Extending Modeltime (Developer Tools)
Source:vignettes/extending-modeltime.Rmd
extending-modeltime.Rmd
Introduction
The modeltime
package was with extensibility in mind.
It’s impossible to incorporate the entire R time series
ecosystem into a single package. More than likely your going to need
something that hasn’t been included yet. And, if you’re a developer,
I challenge you to extend
modeltime
to suit your needs. I’ve spent a lot of time
thinking about:
- A systematic workflow that can be used for time series analysis
- A way to integrate time series into a best-in-class modeling framework
(i.e.
tidymodels
)
And, I want you to leverage what has been built so you don’t have to recreate the wheel.
Before we get started, where are we coming from?
Beyond being an amazing ecosystem for Machine Learning
analysis in R, tidymodels
is a
developer-friendly infrastructure that enables
parsnip
-adjacent packages like modeltime
. The
ecosystem provides basic building blocks for extending machine learning
models, tuning parameters, performance metrics, and preprocessing
(feature engineering) tools. Before you start building, I highly
recommend reviewing these resources:
- Parsnip Models (Algorithms): How to build a parsnip model
- Dials Parameters (Tuning): How to create a tuning parameter function
- Yardstick Metrics (Performance): Custom performance metrics
- Recipes Step Functions (preprocessing): Create your own recipe step function
The most important is the first resource - “How to build a parsnip model”.
Example
Integrating Multiple Seasonal
Decomposition
The forecast
package includes the stlm()
function for creating models using time series
decomposition. It’s a great approach based on the concept that you
can decompose complex seasonality into multiple components:
- Trend
- One or Multiple Seasonalities
- Remainder
We can then forecast the components using models like:
auto.arima()
and ets()
.
Note - I’ve added a seasonal_reg()
function that
includes the functionality we are about to create. Check that function
out to see more about seasonal decomposition methods.
Data
We’ll use taylor_30_min
data from the
timetk
package, which is electricity demand data at a
30-minute interval.
taylor_30_min %>%
plot_time_series(date, value, .interactive = FALSE)
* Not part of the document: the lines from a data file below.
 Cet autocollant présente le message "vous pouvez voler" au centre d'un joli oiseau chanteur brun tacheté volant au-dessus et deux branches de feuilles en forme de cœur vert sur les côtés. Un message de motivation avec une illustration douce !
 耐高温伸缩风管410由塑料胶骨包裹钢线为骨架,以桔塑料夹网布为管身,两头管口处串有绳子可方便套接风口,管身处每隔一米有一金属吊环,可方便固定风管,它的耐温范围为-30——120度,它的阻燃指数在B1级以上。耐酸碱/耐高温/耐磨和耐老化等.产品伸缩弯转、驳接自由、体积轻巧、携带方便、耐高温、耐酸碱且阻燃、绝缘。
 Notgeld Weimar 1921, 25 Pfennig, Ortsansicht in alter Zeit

STLM Model - A quick overview
We need to use 2 functions to create the model:
-
msts()
- Tracks the multiple-seasonality as an object -
stlm()
- Creates a model from themsts
object.
Note that we use seasonal periods (24*2 = 48
) for daily
seasonality because this series has been aggregated at a 30-minute
interval. The second seasonality is at 7-days, so we just use
24*2*7
.
stlm_model <- taylor_30_min %>%
pull(value) %>%
msts(seasonal.periods = c(24*2, 24*2*7)) %>%
stlm()
stlm_model$stl %>% autoplot()
The forecast()
function is used to generate predictions,
much like the predict()
function.
Looks like it’s doing a pretty decent job of forecasting the Taylor 30-Min Data.
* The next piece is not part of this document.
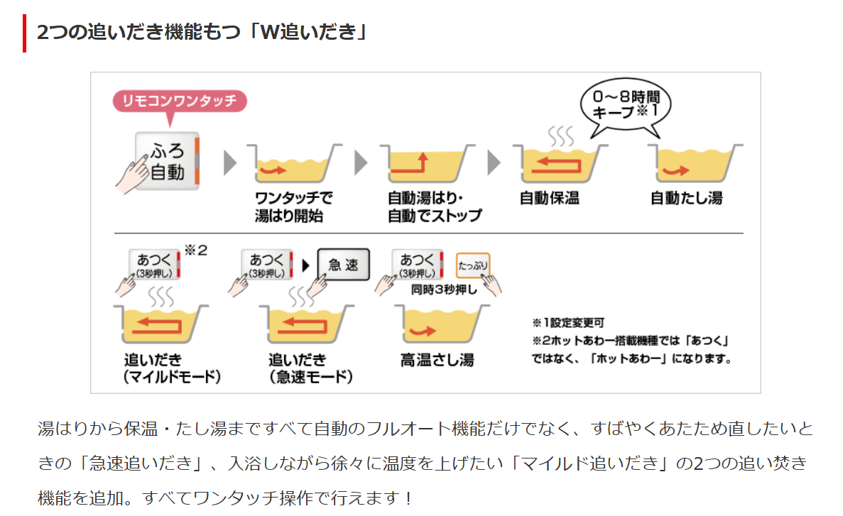 2つの追いだき機能もつ「W追いだき」

How to build a modeltime model
The first step we need to do is to think about the function. We can create:
-
msts()
: Creates a multiple time series object. Key arguments:seasonal.periods
. -
stlm()
: Creates the Multiple STL Model. Key arguments:-
method
: Eitherets
orarima
(actually usesauto.arima
) - We’ll handle this by creating a specific engine called “stlm_ets”
for the
ets
version.
-
We could add others, but let’s keep it simple for now.
The General Process
We follow a very similar process to “How to build a parsnip model” with a few additional aspects:
- We create a “Modeltime Bridge” function to bridge
between
parsnip
api functions andforecast
time series. - We handle feature preprocessing internally to the model bridge to avoid the issue of losing dates and date-time information.
Step 1: Register the Model, Modes, and Arguments
Let’s add a new model called decomposition_reg()
for
Regression by Decomposition. Because Time Series analysis is generally
regression, we’ll just register the regression mode.
set_new_model("decomposition_reg")
set_model_mode(model = "decomposition_reg", mode = "regression")
set_model_engine(model = "decomposition_reg", mode = "regression", eng = "stlm_ets")
# Here we set the dependency to forecast, though we can also use
# your package if you import the lower level package
set_dependency(model = "decomposition_reg", eng = "stlm_ets", pkg = "forecast")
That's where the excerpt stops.